Someone put together a simple tool to make a web request against a local IIS instance to try and see if it was machine or network related and it proved pretty quickly that it was machine related. The next step was to try and disable everything non-essential, such as logging, and this came up trumps. So logging was disabled on all four web servers and the problem disappeared. But why?

As the title of this post has already given away the answer you won’t be surprised to discover it was the SAN. Something within the product was causing replication to hang and that was causing a cascading failure across the network. All the disks on all the web server VMs were virtualized and replicated via the SAN. Essentially the volume of logging the web servers were doing, whilst not insanely high (IMHO), was causing something within the SAN to get very upset.

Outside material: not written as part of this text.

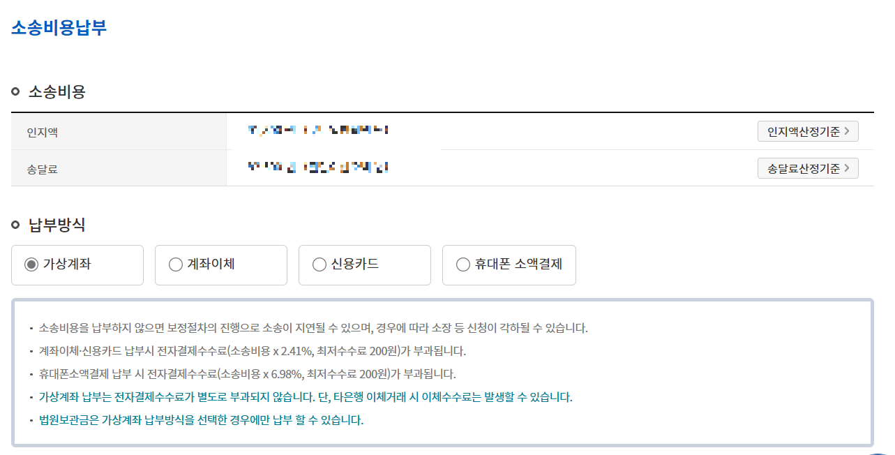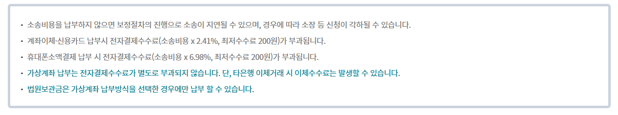 계좌이체와 신용카드 납부는 수수료 소송비용 ×2.14%로 최저수수료는 200원,

Looking back I could see that that timestamp on some log messages didn’t make sense, but it had never occurred to me that the delay would be caused by a (silent) problem writing to the drive [3] hosted via the SAN. I’ve never worked directly with virtual machines before because all the years I worked in finance we were thrashing physical machines 24x7 by running intensive calculations. I’m also somewhat surprised that log files are not written to some form of local storage, even if it’s a virtualized local drive, as the point of writing to local storage is usually to avoid too many side-effects from the act of logging. Plus you have a log to look at if some part of the remote infrastructure fails. Perhaps I’m out of touch here - is it cheaper to throw all your log messages across the wire to some remote storage? I have used remote logging for operations style logging (i.e. info, warning, error), but not for diagnostic logging (i.e. debug/trace). Presumably SANs are supposed to be so reliable and performant that they are as reliable as the sun rising and setting?

The last time I checked, which was a few months after this incident happened, the SAN’s vendor had still not resolved the problem and the application logging was still disabled.


[1] The wording for the time-taken field in the IIS log file has a real air of lawyer speak about it. Basically it’s the time from the moment the request is first noticed to the point that the last packet is sent (IIRC). The weasel words seem to be a reminder that network delays outside of IIS’s control means the time may well be longer than that. And for really small responses (i.e. a single network packet in size) it could be even less reliable. Given that the resolution is 15 ms anyway I don’t think anyone would seriously consider it a truly accurate source in the first place.

[2] It was just a straight binary search across a (paged) array of 100 million pairs of fixed-length strings (close to 3 GB in size).

[3] When a physical disk starts to fail you can usually see some evidence in the event log, such as reads or writes failing. But in this case there was nothing in the guest’s event log to indicate the write took an inordinately long time. I can’t say whether the infrastructure team could see anything in the host’s logs but one would hope they would have been checked...

1 comment:

  1. For this type of configuration I've set up logging as a service (accessed over UDP). That way the application doesn't wait for logs to be written and logging isn't a point of failure. (And the logging service can be monitored in the same way as everything else in the production environment.)